Friday 3 May 2013

No Man is an Island

By Artur Suski, S.J. 


A couple of recent guest lectures in a Grade 12 Philosophy class on “the Self” have prompted me to do some reading on the topic of “Human Nature”. In the philosophy curriculum, the unit on “the Self” mostly focuses on the philosophy of Réné Descartes and that of G.W.F. Hegel. There’s no such thing as pretending to know what Hegel was writing about; I tried my best, and I had my hands full. Nevertheless, the discussion on these two philosophers is rather fascinating.

On the one hand, Descartes thinks that we have the completely autonomous, self-sustaining, independent human being; one can find his identity and truest self through self-introspection. On the other hand, Hegel thinks that human being only becomes a human being, and continues to develop as one, through his interaction with other human beings and with the rest of creation. One needs all of creation for essentially all aspects of human development. While Descartes certainly gives credit to the help of family and culture as one grows and matures, this can only go so far. At a certain point, these become obstacles and prevent us from truly becoming our truest selves. Hegel, however, is quick to point out that there never can be a self at any stage without its relationships with other selves.

Many Catholic thinkers since Hegel have built on Hegel’s philosophy through the use of explicitly Catholic ideas. For example, this theme can be found in Pope Benedict XVI’s encyclical Caritas in Veritate (CV), where the Pope states: “As a spiritual being, the human creature is defined through interpersonal relations. The more authentically he or she lives these relations, the more his or her own personal identity matures. It is not by isolation that man establishes his worth, but by placing himself in relation with others and with God” (CV 53). Furthermore, from the pastoral constitution of the Second Vatican Council, Gaudium et Spes (GS), it is stated that “man...cannot fully find himself except through a sincere gift of himself" (GS 24). This is going beyond simply “receiving” from the other; we must also give ourselves to others for their sake! These capture the whole of Jesus’ mission of service: to love one another is to serve each other in all charity.

These concepts help to paint a very dynamic picture of human nature. It is not something static once it is being defined. It is rather something organic that has the potential to mature through our daily encounters. These interactions, however, may have positive or negative effects on us. Through our interactions with people of good will, we grow and are edified; but through our interactions with people of bad will, we become worse. As the saying goes, “you become what you contemplate”.

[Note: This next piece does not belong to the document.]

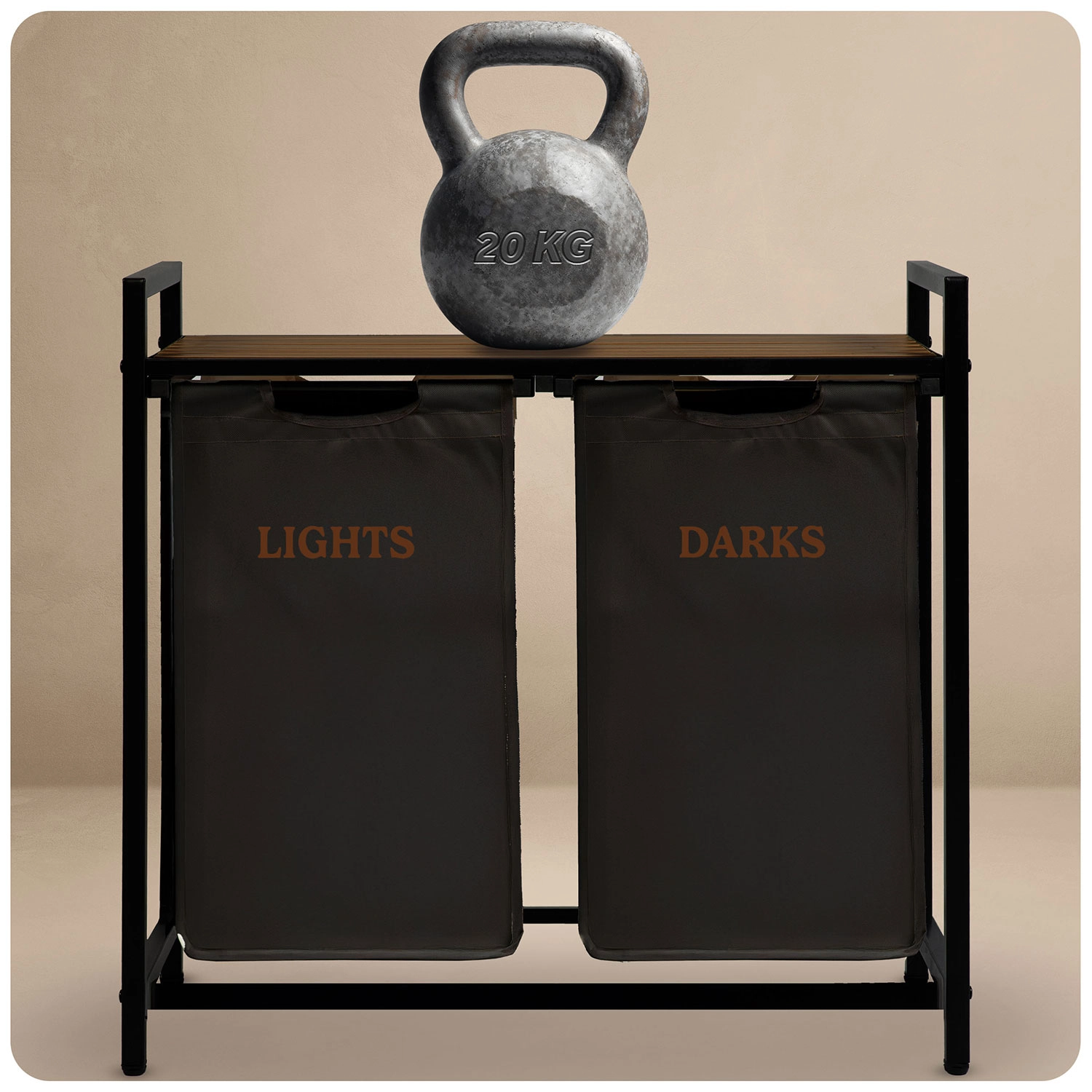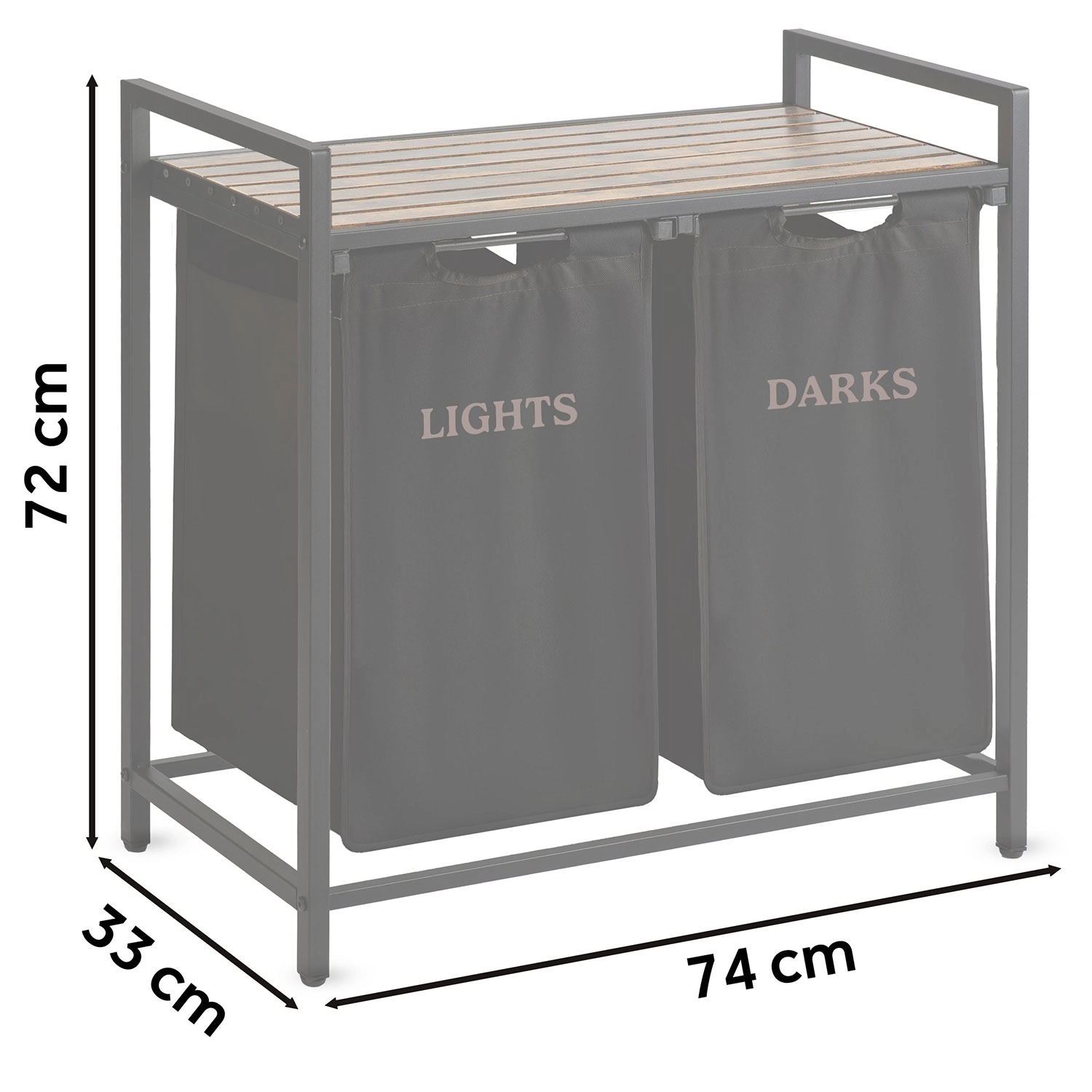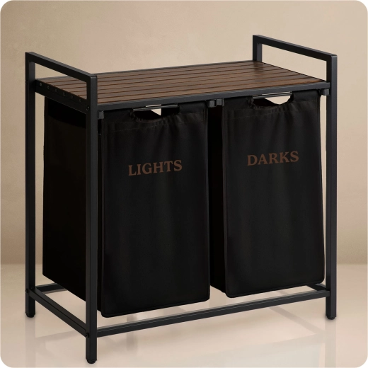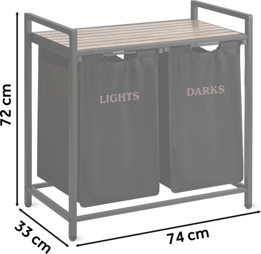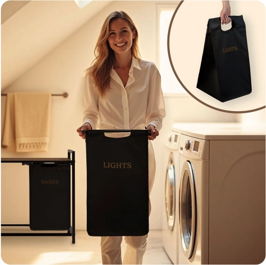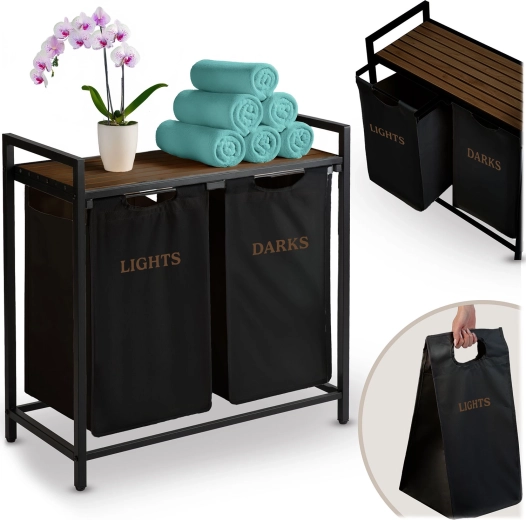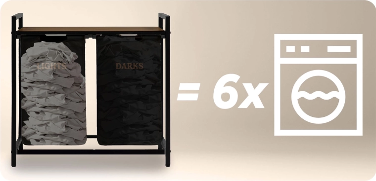 Díky dvěma samostatným textilním košům označeným „Lights“ a „Darks“ třídíte prádlo hned při odkládání – žádné zdlouhavé dělení před praním. Horní police z přírodního dřeva nabízí prostor pro detergenty, koše s ručníky či drobné spotřebiče a unese až 20 kg.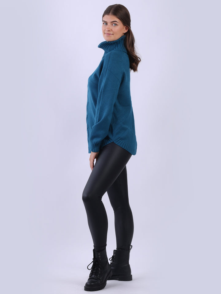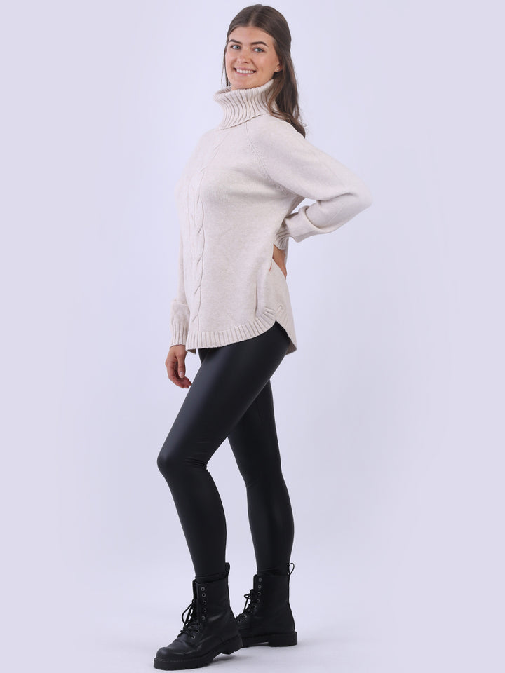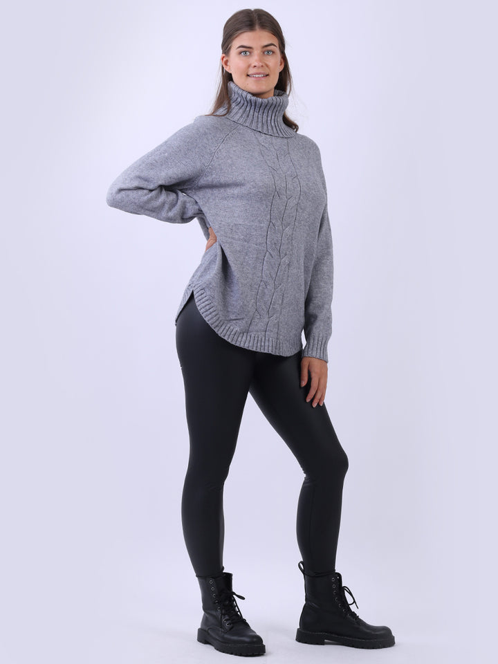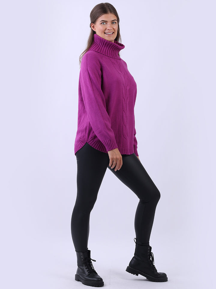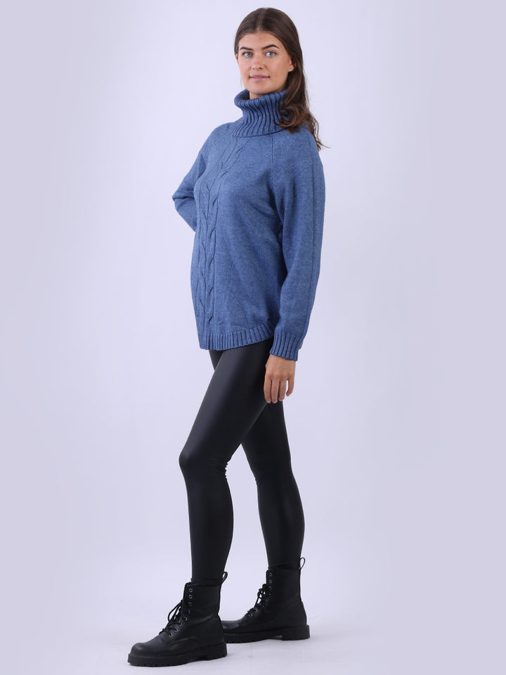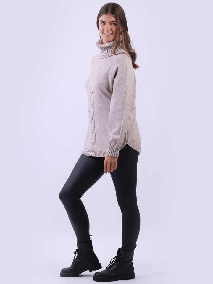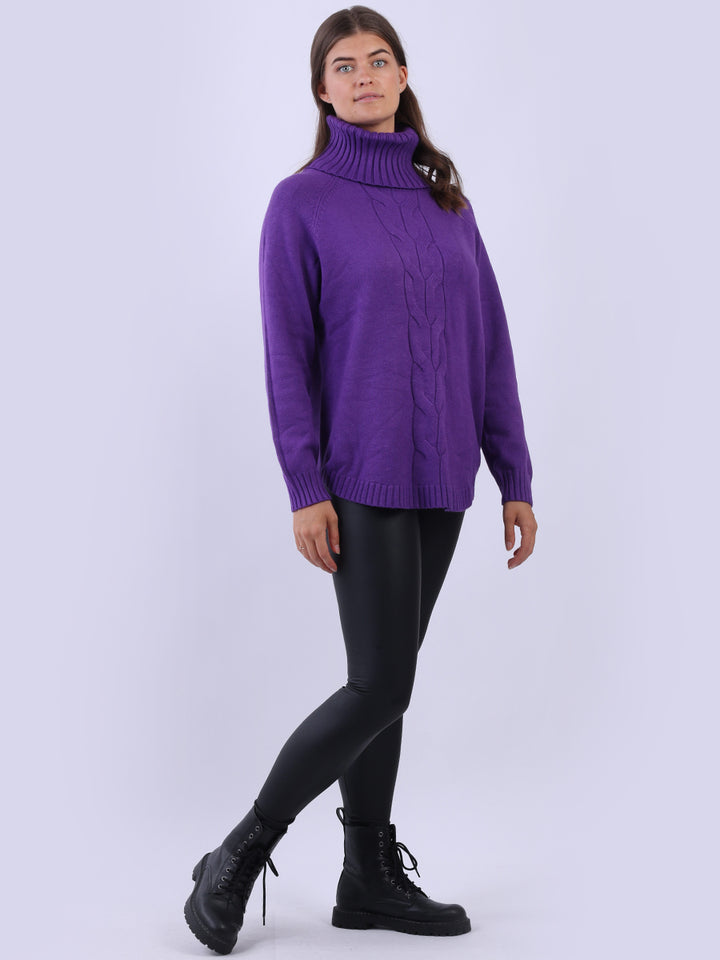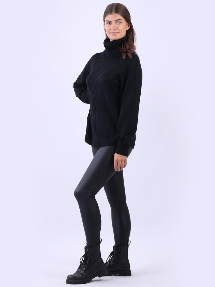 Slouchy and snuggly this is ideal fluff that will add glamor and character to the final look. Posh looking polo neckline, stunning cable knit pattern, drop shoulders and rounded edges gives it a sleek finish. Make a bold and confident statement with leather pants and long boots.

Thankfully, this means that we have the power to help others get out of their dark moments in life – hence our efforts to go out into the darkened world with the Light of Christ. It is perhaps no surprise that Pope John Paul II made it a point to pray for every person before they met. He knew that each encounter was unique and had the power to change him; so he prayed for the other and for himself, that he would have the grace to bring Jesus to the other. As for our own life of faith, we undergo big and small transformations as we encounter the person of Jesus Christ, be it through Scripture, the Sacraments, or each other. Some are more open to this encounter, and the changes seen on them seem quicker and more dramatic; others go in with a hardness of heart, and are not affected by the encounter.

Given all these, we must ask ourselves: how do we approach our relationship with God? With each other? With creation? The grace that we ought to pray for, then, is to be conscious of God’s formative work on us by means of all our relationships. It is also a grace to recognize that we also collaborate with God to help form others. What kind of influence do we want to be?